She just shrugged her shoulders, the sadness heavy on her. “It’s so hard. He’s such a gentle soul now. I try to see him once a week. Take him out for dinner.”

“And your girls are doing well?”

She burst into a grin. “Both pregnant. Lucky me.” She yawned. “It’s a long day, Detective. I start making bread at five. Every day for the last twenty years.”

Greene had driven home impressed with McGill’s grace and fortitude.

Today the café was even less crowded than the last time Greene was here. He spotted a table in the far corner and made his way through the customers, mostly men wearing thick sweaters and heavy boots. The snowmobilers had their black, one-piece suits on, the tops unzipped and rolled down to their waists.

“Sorry to keep yous waitin’,” Charlene, the waitress who’d served Greene before, said. “Our fresh special today is spaghetti and meatballs, with a sauce made from our own tomatoes.”

Greene was hungry. He’d driven straight through after getting Kennicott’s call. “Sounds good. How do you get your own tomatoes this time of year?”

The waitress looked at Greene over her little notepad. “Ms. McGill studied botany. Bottles them fresh in the fall.”

Greene ate his meal slowly and waited patiently for the restaurant to clear out. The men looked much like those who’d been there the last time. Burly. Casual. Confident. And they were all white. Living in Toronto, Greene wasn’t used to being in a restaurant where there were only Caucasians.

Both times he’d walked into the café, there’d been a slight lull in the conversation. Small towns. An outsider really had nowhere to hide.

It was almost four o’clock when McGill finally emerged from the kitchen and joked with the last of the patrons.

“We’re going to miss your food on Monday,” a big man said as he rose from his table. Greene remembered the gregarious fellow from the last time he’d been here. “Wish you’d stay open,” he said, sounding like a petulant child who didn’t want to go to bed well past his bedtime.

“Jared, I deserve one day off a week,” she said as she shooed him out the door.

“You must like my food, Detective, to drive all the way up here just for lunch,” McGill said as she took a seat at his table after the last customer had gone. This time she sat beside him. She looked tired but relaxed. A dish towel lay casually on her left shoulder. Greene noticed that her hands were empty.

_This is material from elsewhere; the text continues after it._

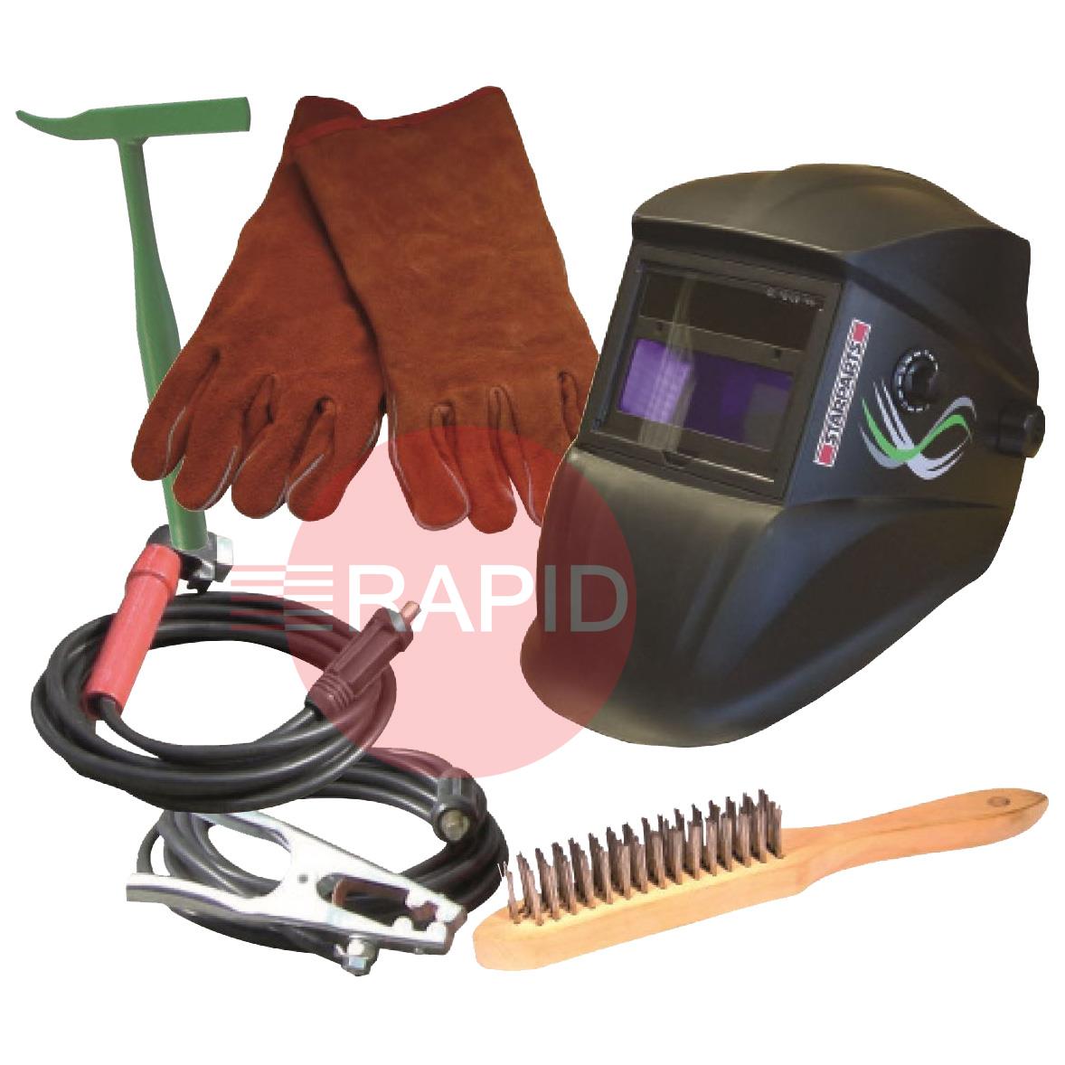 This site-ready package includes the ArcStar GW5-200 machine, a wheel kit, a welding lead set, a light reactive welding helmet, welding gauntlets, a chipping hammer and a wire brush.

“The food’s well worth the drive, Ms. McGill,” Greene said. “What happened to the cigarettes?”

“Kicked the habit. Not many sixty-year-olds can say that. The damn things were ruining my taste buds.”

“And stunting your growth.”

She laughed her good, hearty chuckle. Greene waited until she stopped. “We found fingerprints of yours on something in Brace’s apartment,” he said, watching closely for her reaction.

McGill turned her head and looked squarely at Greene. Her eyes widened.

“They were in a contract,” Greene explained. “Kevin was offered a job at another radio station. For a lot of money. Can I assume you know about this?”

McGill seemed to relax. She spread her hands out in front of her, like a cat comfortably stretching, stifling another yawn.

“I knew about the contract, Detective,” she said. “I told you before, Kevin always paid support. It’s a miracle, because he’s useless with money, always has been.”

“He showed the contract to you?”

Her smile widened. “Kevin never signs anything important unless I see it. I’m the businessperson in the family.”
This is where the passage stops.